*** Data in this exercise Section Begins ***

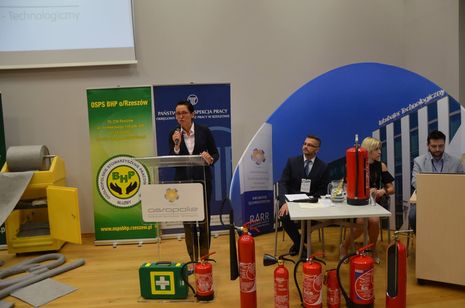 I panel związany z bezpieczeństwem przy pracy rozpoczęła p. Joanna Tokarska - starszy inspektor pracy w Okręgowym Inspektoracie Pracy w Rzeszowie, która przybliżyła zagadnienia związane z oceną ryzyka zawodowego pracowników narażonych na kontakt z czynnikami chemicznymi i obowiązki pracodawcy w tym zakresie. Następnie głos zabrały p. Dorota Żelazko i Joanna Leśniak z Zakładu Ubezpieczeń Społecznych. Podczas swoich prelekcji przedstawicielki ZUS omówiły zagadnienia związane ze świadczeniami ZUS z tytuły wypadków przy pracy i chorób zawodowych oraz prewencją rentową i wypadkową w ZUS. Następnie o obowiązkach pracodawcy przy zatrudnianiu pracownika i przepisach bezpieczeństwa pracy opowiedziała p. Barbara Nizioł z firmy Law& Training Center. Na zakończenie pierwszego panelu głos zabrali p. Marcin Greguła i Paweł Gliszczyński z firmy Orzeł Biały S.A, którzy omówili dobre praktyki bezpieczeństwa przy pracy w kontakcie z substancjami chemicznymi i szczególną uwagą kierowaną na młodych i niedoświadczonych pracowników, którzy bardzo często pracując w narażeniu na szkodliwe działanie czynników chemicznych lekceważą zagrożenie.
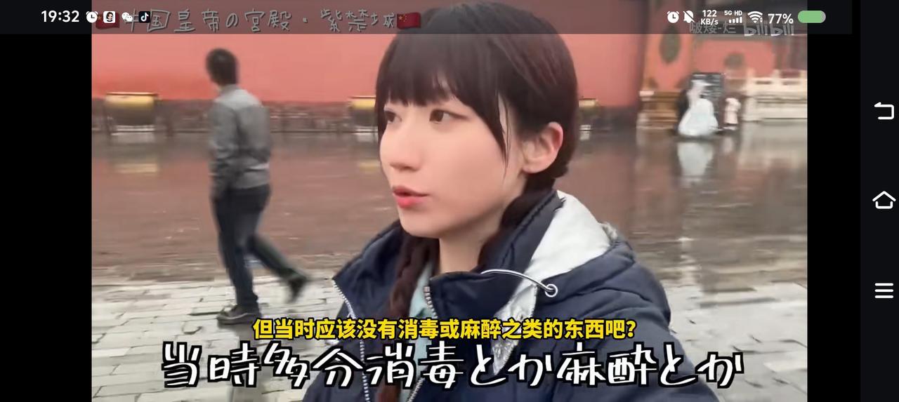 日本女子游故宫的“严重后果”—— 网上视频:一日本女子游故宫,看到某宫殿,说:“这据说是精英们的‘高考’场地,通过了考试的男性,要被切割下体,‘今天起,你是宦官了!’当时没有麻醉药吧,很痛……” 点评: 日本小妹,你一来把中国进士们的命根切了?太狠了吧?字幕君说你把“进士”和“宦官”搞混了。 哪位大侠在日本?游览一下,解说一下日本皇族及知识分子,必须先把他们的“根”说没了。两个根。生理与精神。
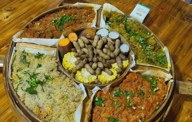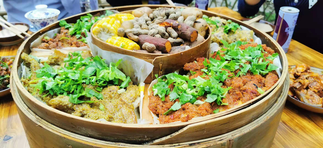 这道菜以粉蒸肉为主打,里面配有蒸牛肉、蒸五花等肉菜,还有南瓜、土豆、花生等素菜。一道吃尽所有粉蒸菜!
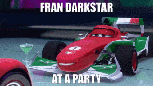 Fran Darkstar, the race car from Cars 2, appears to be at a party, with a martini glass nearby.
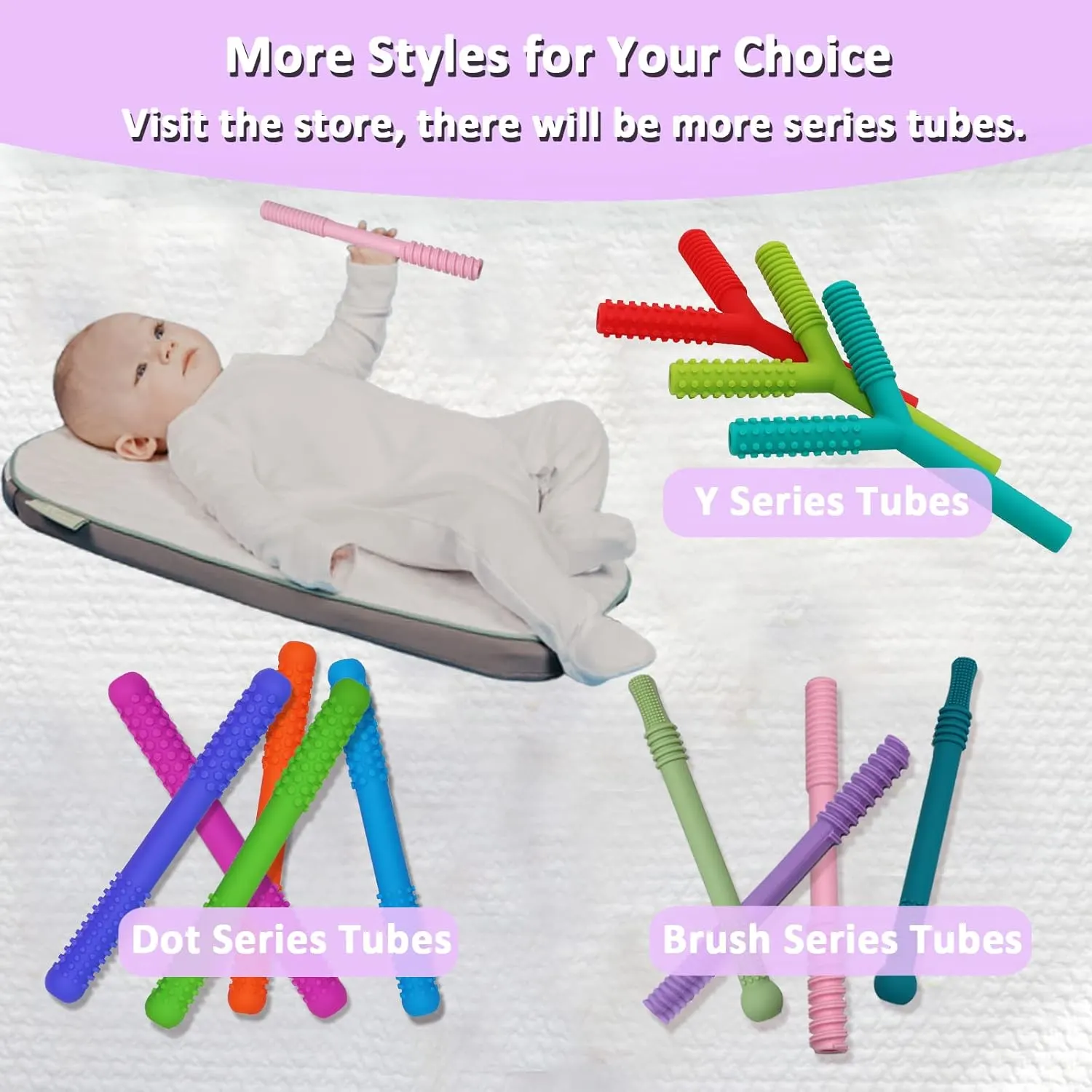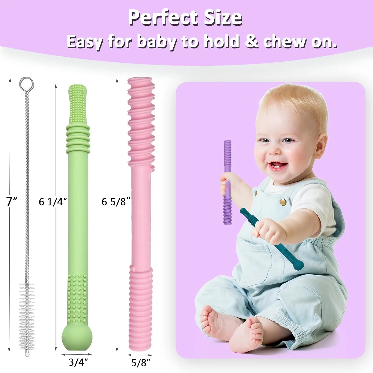 These Teether Tubes for Babies are the perfect solution for soothing your little one’s sore gums during teething! Made from 100% food-grade silicone, these chew toys are safe, durable, and designed with your baby’s health and comfort in mind. Free from BPA, PVC, lead, and phthalates, you can rest assured that your baby is gnawing on a safe and non-toxic product. The unique hollow design and dual-textured surfaces provide a variety of sensory experiences, helping to massage gums and relieve pain. Lightweight and easy for small hands to hold, these teether tubes are suitable for babies aged 6-18 months, and even offer sensory relief for older children and adults with special needs. Cleaning is a breeze – simply wash by hand with soap and water or toss them in the top rack of your dishwasher. These teether tubes are also refrigerator and freezer safe, providing extra cooling relief for inflamed gums. More than just a teething toy, these tubes discourage thumb sucking and other habits by giving your baby a safe and satisfying alternative to chew on. They’re the ideal baby shower gift and a must-have for new moms. Provide comfort and promote healthy development with these versatile and easy-to-clean teether tubes. Their construction supports early oral development and reduces the urge to put fingers and other objects in the mouth. The flexible and durable silicone ensures long-lasting use, even with the most enthusiastic chewers. Give your baby the safe and effective teething relief they deserve! The textures provide a soothing experience.
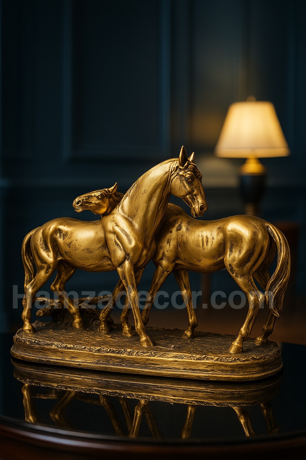 This elegant sculpture showcases a beautifully crafted pair of horses in a graceful pose, symbolizing companionship, strength, and harmony. Finished in a luxurious antique gold tone, it exudes timeless charm and sophistication. The detailed craftsmanship highlights the muscular form and natural elegance of the horses, making it a striking piece of décor. Perfect for living rooms, offices, or as a meaningful gift, this sculpture adds a regal and artistic touch to any space
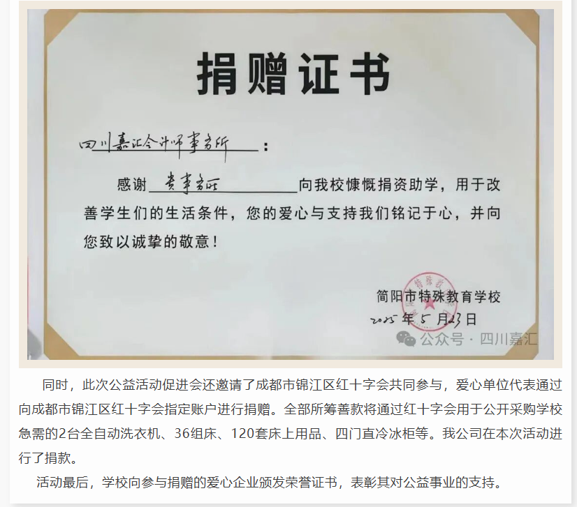 嘉汇公益丨四川嘉汇董事长参加简阳市特殊教育学校捐资助学活动
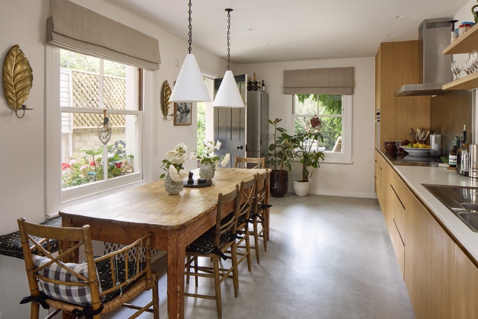 Playful Victorian. Located in a conservation area of classic period townhouses, this elegant residence combines original features with subtle contemporary updates and a sense of fun. Owned by a couple working in the creative arts, it is packed full of beautiful paintings, sculpture, modern art and books from their own collection weaving artistry and interest throughout. Whitewashed walls and light, wooden floors are complimented by brushed concrete, painted shiplap and sisal carpeting to create a calm and contemporary feel while marble fire surrounds and original sash windows uphold some historic elegance. We love the garden oasis with its olive tree, walled trellises and pretty paved patio offering the perfect spot to enjoy a morning coffee or an afternoon tea in the sun.
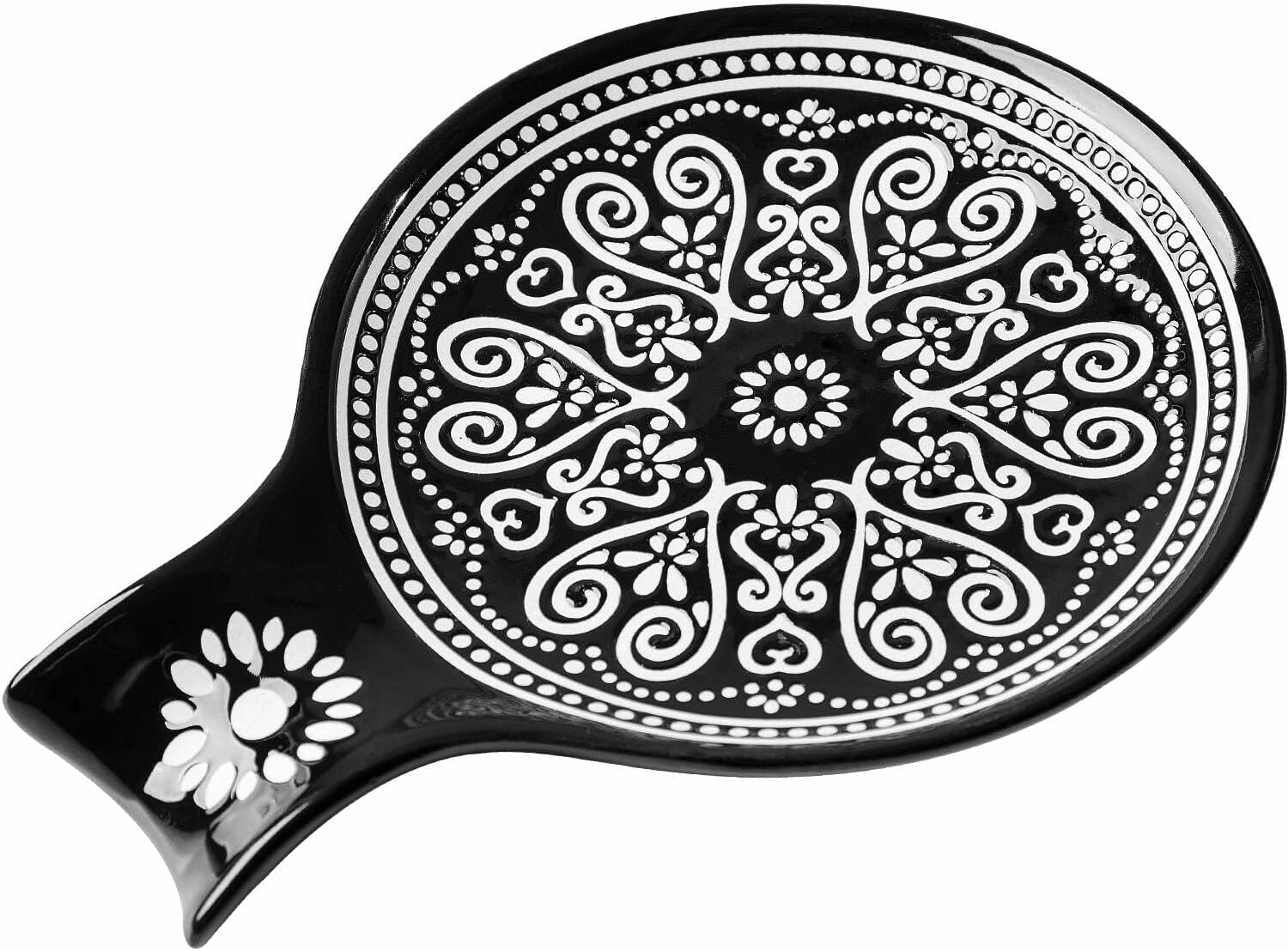- PRACTICAL COUNTER DECORATIVE: The spoon holder is made of ceramic, with black background and white patterns; The ceramic spoon rack is the perfect decoration for kitchen countertops, stove tops, dining tables, coffee bars, and farmhouses

*** Data in this exercise Section Ends ***

Assigned task: Starting from the line that has "嘉汇公益丨四川嘉汇董事长参加简阳市特殊教育学校捐资助学活动" and ending at the last line of the material above, every line should be output exactly; pictures are dropped and nothing else appears.

Task answer:
 嘉汇公益丨四川嘉汇董事长参加简阳市特殊教育学校捐资助学活动
 Playful Victorian. Located in a conservation area of classic period townhouses, this elegant residence combines original features with subtle contemporary updates and a sense of fun. Owned by a couple working in the creative arts, it is packed full of beautiful paintings, sculpture, modern art and books from their own collection weaving artistry and interest throughout. Whitewashed walls and light, wooden floors are complimented by brushed concrete, painted shiplap and sisal carpeting to create a calm and contemporary feel while marble fire surrounds and original sash windows uphold some historic elegance. We love the garden oasis with its olive tree, walled trellises and pretty paved patio offering the perfect spot to enjoy a morning coffee or an afternoon tea in the sun.
- PRACTICAL COUNTER DECORATIVE: The spoon holder is made of ceramic, with black background and white patterns; The ceramic spoon rack is the perfect decoration for kitchen countertops, stove tops, dining tables, coffee bars, and farmhouses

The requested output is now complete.